I can hear an owl in my neighbor’s tall cottonwood tree and pause to listen. No matter how I quiet my steps and remain still, the owl flaps into the night, broad wings carrying it elsewhere. I think of the symbolism of owls and eagles leaving the nest, just one month before all 3 of my daughters move into college dorms.
This is a time of momentous change, and we celebrated high school graduations in May with a weeklong family holiday at the beach in June. Now, my twins prepare, gather what they need for dorm life, message new roommates, registered for classes, interviewed for on-campus work study jobs, and consider their impending freedom with a thrilling anticipation.
I am a seasoned college mom, as my eldest daughter will begin senior year; before her next birthday in May, she will graduate and be pinned as a nurse. She has thrived in 3 years of university life!
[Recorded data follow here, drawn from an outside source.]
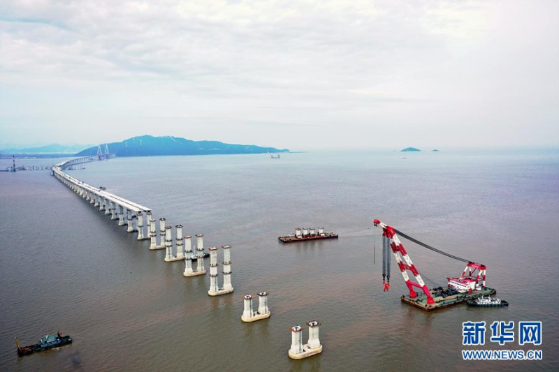 6月2日拍摄的在建中的舟岱大桥项目主通航孔桥(无人机照片)。 在浙江省舟山市定海区马目海域,在建中的舟岱大桥初现雏形,各标段正全力冲剌。据了解,截至2020年5月底,浙江省交通集团宁波舟山港主通道项目工程中的舟岱大桥项目已累计完成形象进度76%。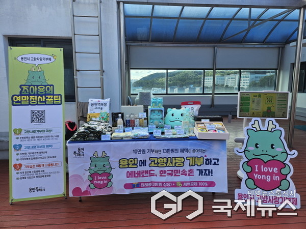 시는 고향사랑기부제에 참여한 기부자에게 에버랜드·한국민속촌 입장권, 조아용 굿즈, 백옥쌀, 한돈세트, 용인와이페이 등 80여 종의 답례품을 제공하고 있으며, 2026년부터는 뽕잎·블루베리·송화버섯 가공식품을 비롯해 여리향 쌀, 유정란, 전통식품 등 용인시 지정 특산품과 용인투어패스 등 지역 관광·체험 상품을 포함한 16종의 답례품을 추가로 선보일 예정이다.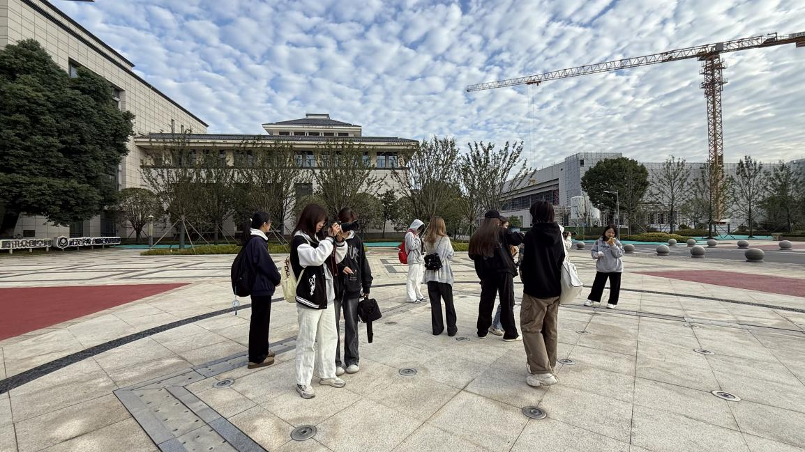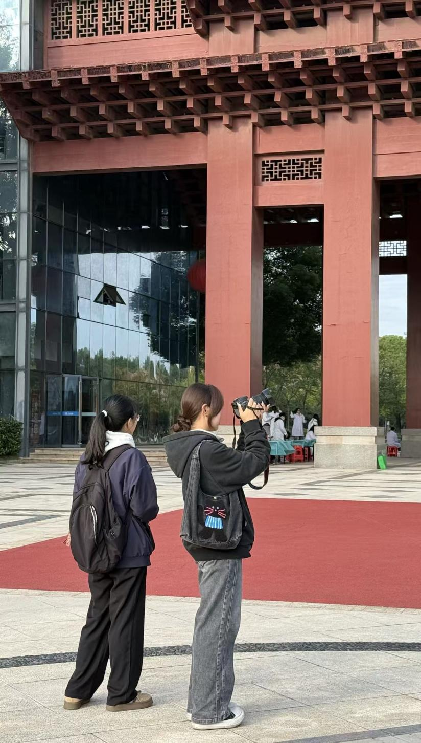 林荫道上,有同学蹲守在草坪旁,耐心等待朝阳穿过枝叶的瞬间,试图捕捉光斑洒落的动态画面;湖边栈道上,相机镜头对准湖面,记录朝阳在水波中形成的粼粼波光;教学楼前,同学们调整焦距,将建筑轮廓与初升朝阳纳入同一帧画面,用光影对比展现校园建筑的层次感。过程中,大家不时交流拍摄参数,分享构图思路——有人为了捕捉最佳光线,在原地等待近20分钟;有人为了找到独特视角,特意绕到校园僻静角落,每一份专注都只为定格晨光中最动人的瞬间。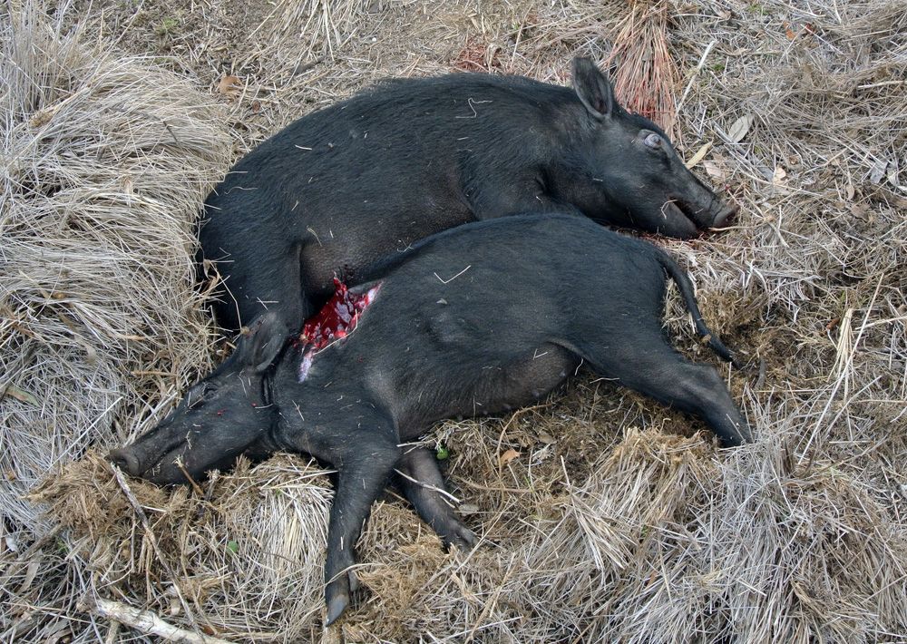 A couple of hogs I shot up here in a flying visit in late February.... you can see how dry it was then !! About 4 inches of rain fell between them and this visit but still not enough to get it right !!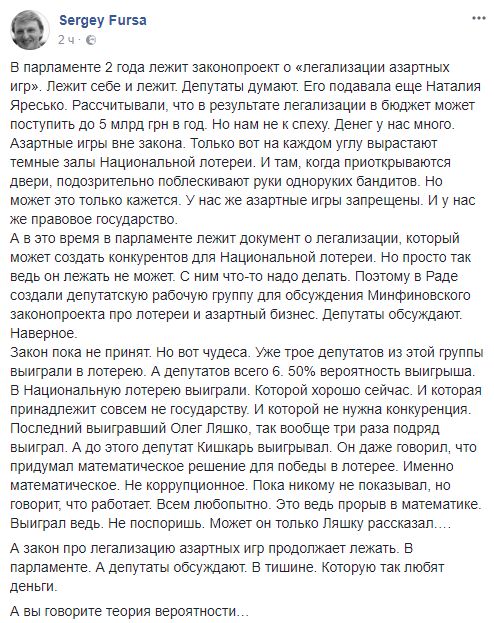 Сергей Фурса, финансовый аналитик, рассуждает о легализации игорного бизнеса: "В парламенте 2 года лежит законопроект о легализации азартных игр. Лежит себе и лежит. Депутаты думают. Его подавала еще Наталия Яресько. Рассчитывали, что в результате легализации в бюджет может поступить до 5 млрд грн в год. Но нам не к спеху. Денег у нас много.

Often in my own life, I listen, observe, wait, and anticipate. I ponder and feel the complexity of emotions as we navigate a new life season. I have intentionally embraced each parenting season and experience, every age, grade, hobby, or activity.
Still, this is a radical shift for me after 21 years. I love my family with all my heart and recognize it’s time to let go.
Live laugh launch into their College Era.
Our eldest daughter was only 2 years old when her twin sisters were born. I was told countless times, “You have your hands full!” I recall equal parts exhilaration and exhaustion. I would respond, “My heart is full!” or “They are my dream come true!” And I knew with a swift arrival of a trio of babies —all 3 in diapers that first zany year — we would eventually move all 3 into dorms within 24 hours.
It is evident: they are all sorts of happy anxious thrilled free nervous delighted. They have incredible plans and will pursue meaningful degrees of study. This brings me so much hope! I am still their Mama. The next few months will be challenging for me personally, but I anticipate so many incredible things for my babies as they soar.